Data records:

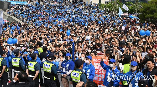 | ▲ 김대중컨벤션센터 광장 가득 메운 광주시민들 광주시민들이 17일 광주 서구 김대중컨벤션센터 광장에 운집해 이재명 더불어민주당 후보의 유세를 보고 있다. |
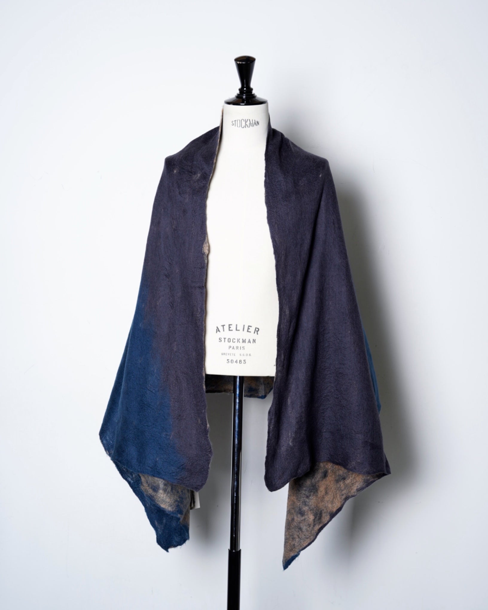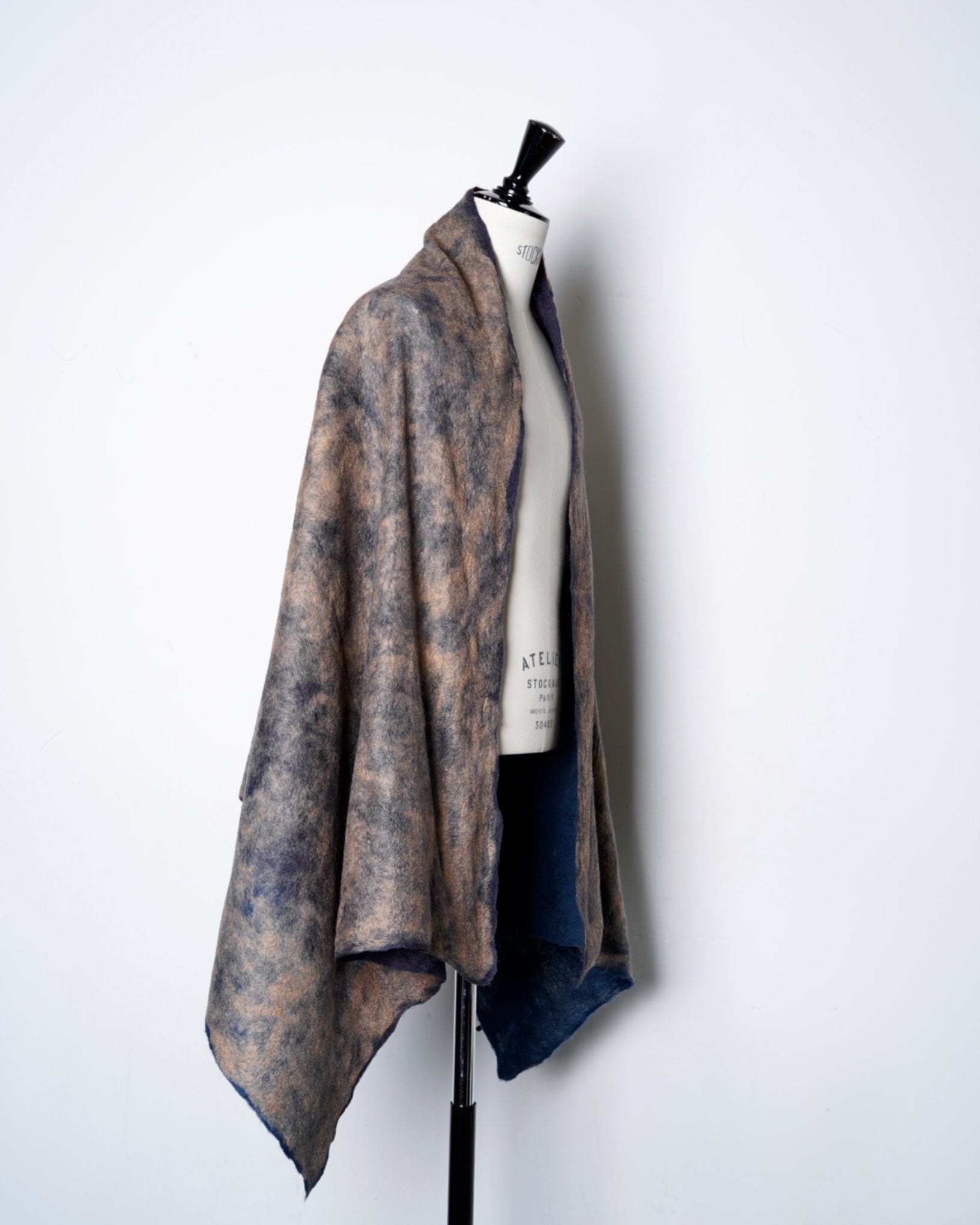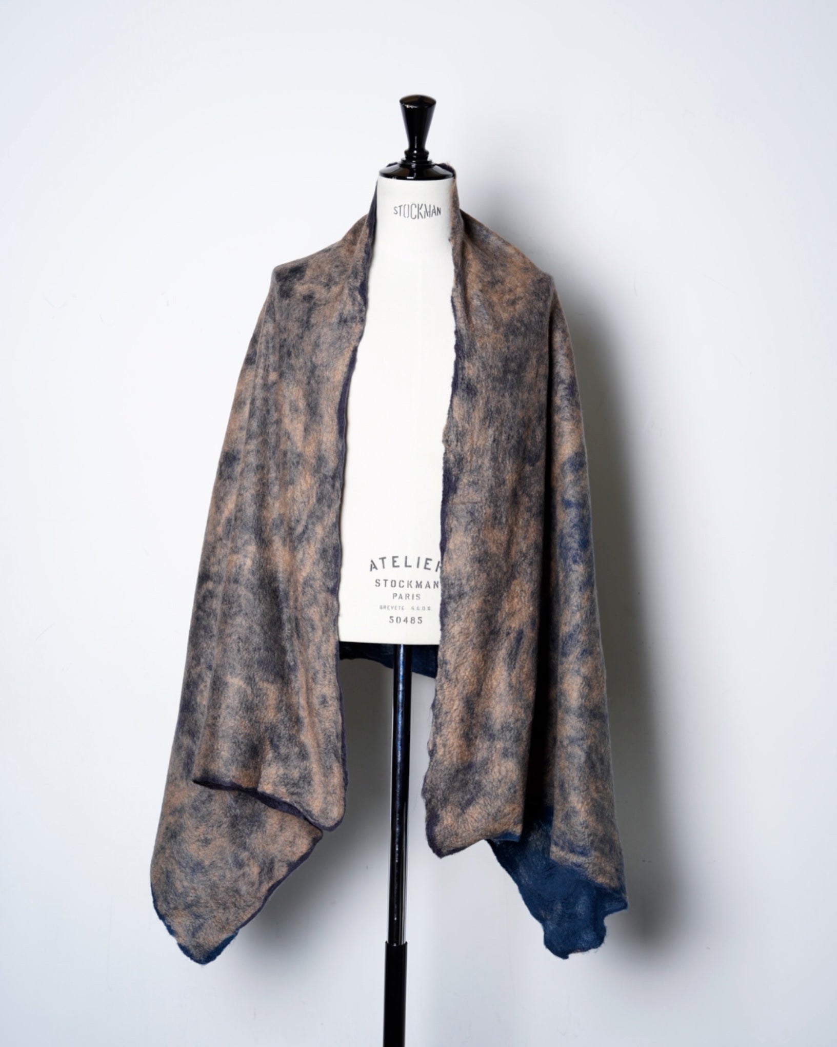 贅を尽くした素材により、ストールの域を超え、そしてフェルトとは思えない驚きの質感と絵画のような色柄をお楽しみくださいませ。
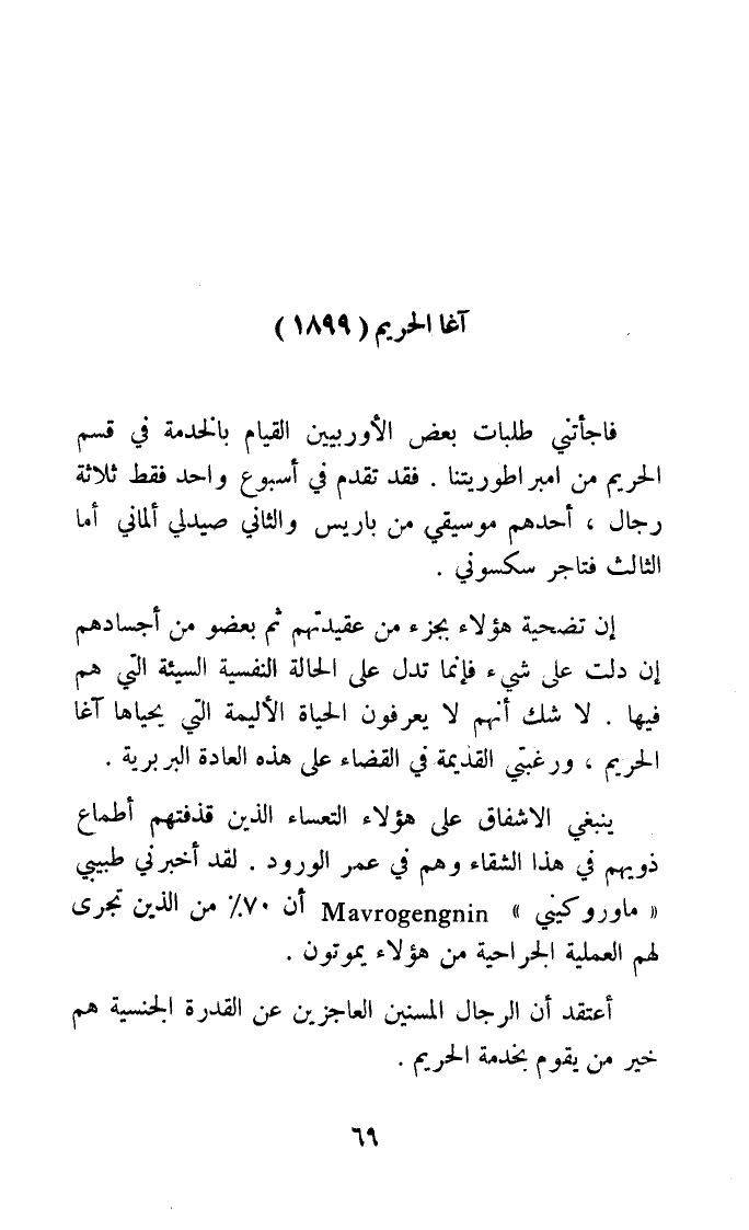 فاجأتنى طلبات بعض الاوربيين الْقيام بِالْخدمَةِ فِي قسم الْحَرِيم من امبراطوريتنا فقد تقدم فِي أُسْبُوع وَاحِد فَقَط ثَلَاثَة رجال أحدهم موسيقى من باريس والثانى صيدلى ألمانى أما الثَّالِث فتاجر سكسوني
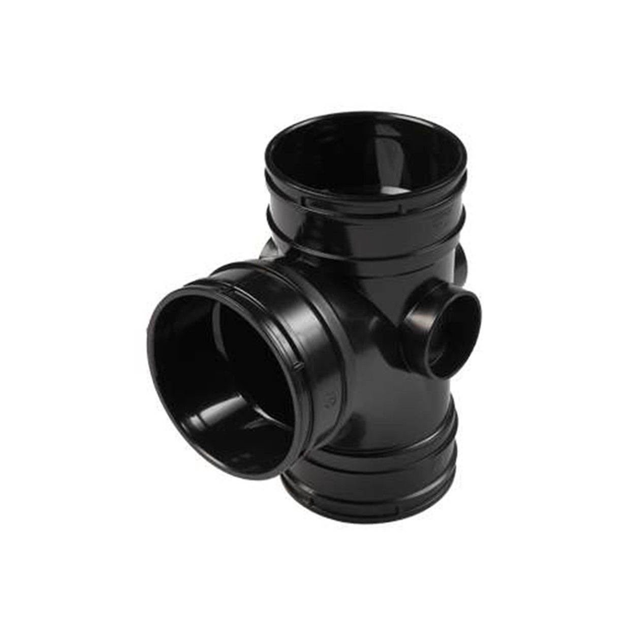 Terrain Solvent Soil 110mm Single Spigot Branch Outlet With 4 Boss Connections 92° - Black
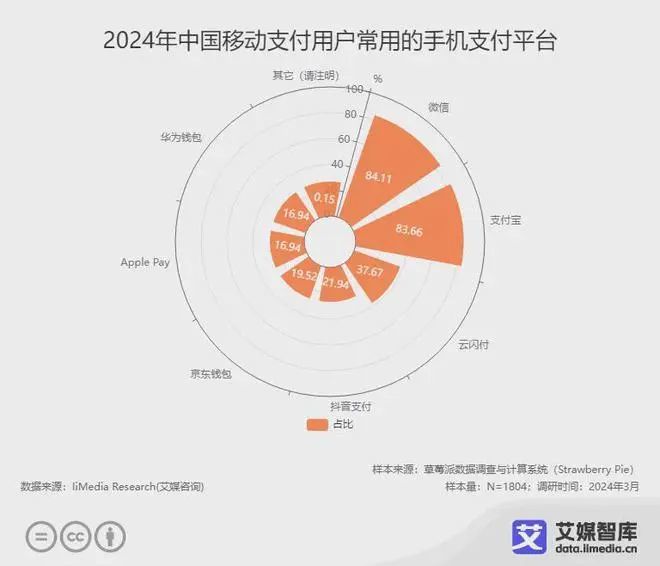 我们再来看艾媒咨询的一份数据报告,2024 年中国移动支付用户常用的手机支付平台中,微信、支付宝和云闪付位列前三,占比依次为 84.11% 、83.66% 和 37.67%。
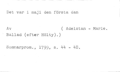 Det var i maji den första dan //// Av ( Adelstan - Marie. //// Ballad (efter Hölty).) //// Sommarprom., 1799, s. 44 - 48.
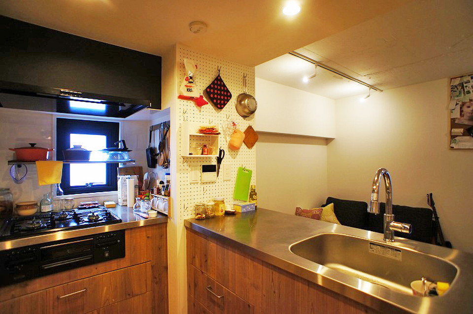 Sさんがマンション購入を決断したのは27歳のとき。当時暮らしていた会社の独身寮は『27歳まで』という入寮規則があったため、 「そろそろ寮を出なくては」というリミットに迫られて住まい探しをはじめたのだとか。「最初は中古の安い一軒家を探していたんです。いま母がひとりで暮らしているので、いずれ母と同居することを考えつつ、将来の仕事の拠点として人が集まれるような場所を“セルフリノベーションで作りたい”と漠然と考えていました。でも、都内の一軒家は予算が合わず、郊外に広げて探してもなかなかピンと来る一軒家に出会えない・・・そんなときに、たまたまネット検索でステキな部屋の写真を見つけて“ここ、かわいい。マンションもいいなぁ!”と思ったのがUDATSUさんのリノベーション物件だったんです」
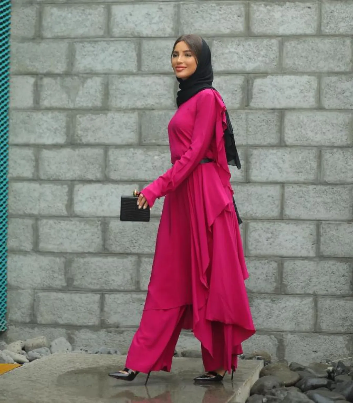 وعلى عكس درجات الباستيل الناعمة، فقد ذهبت المدونة فاطمة حسام إلى تطبيق صيحة المونوكروم بلون قوي وصارخ، حيث اعتمدت اطلالة باللون الفوشيا الرائج هذا الموسم، ولكن هذه المرة كسرت القاعدة واختارت حجابًا أسود.
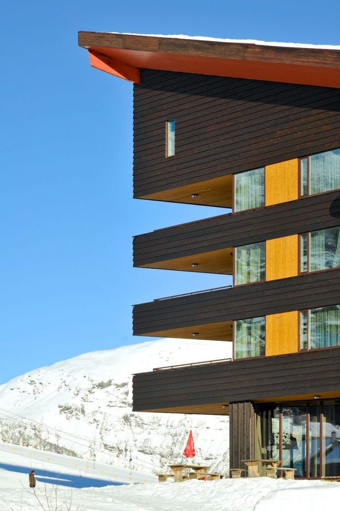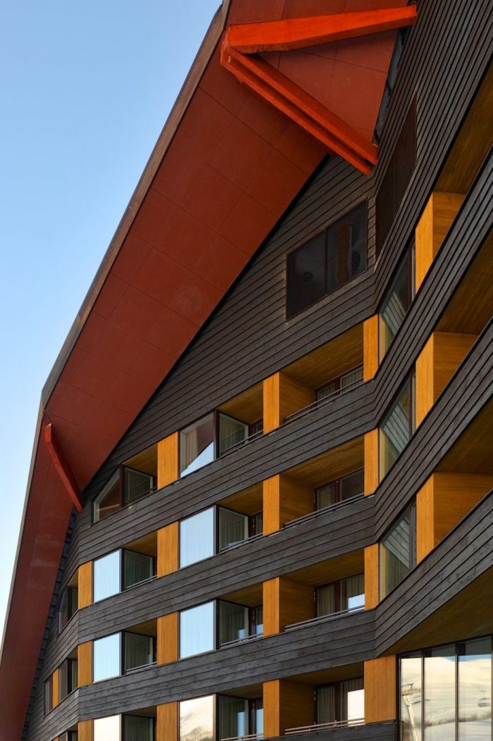 The shape of the building is inspired by the traditional alpine chalets in southern Europe and American mountain lodges, while the roof and plan is sculptured to adapt to the scale of the existing buildings on site and the surrounding landscape. The hotel is cladded in wide laminated horizontal wood planks and which makes the large building appear smaller.

■ Try it: Ending at the line with "فاجأتنى طلبات بعض", reproduce exactly the lines that begin at the top of the data, and include no pictures.

■ Output for this task:
 | ▲ 김대중컨벤션센터 광장 가득 메운 광주시민들 광주시민들이 17일 광주 서구 김대중컨벤션센터 광장에 운집해 이재명 더불어민주당 후보의 유세를 보고 있다. |
 贅を尽くした素材により、ストールの域を超え、そしてフェルトとは思えない驚きの質感と絵画のような色柄をお楽しみくださいませ。
 فاجأتنى طلبات بعض الاوربيين الْقيام بِالْخدمَةِ فِي قسم الْحَرِيم من امبراطوريتنا فقد تقدم فِي أُسْبُوع وَاحِد فَقَط ثَلَاثَة رجال أحدهم موسيقى من باريس والثانى صيدلى ألمانى أما الثَّالِث فتاجر سكسوني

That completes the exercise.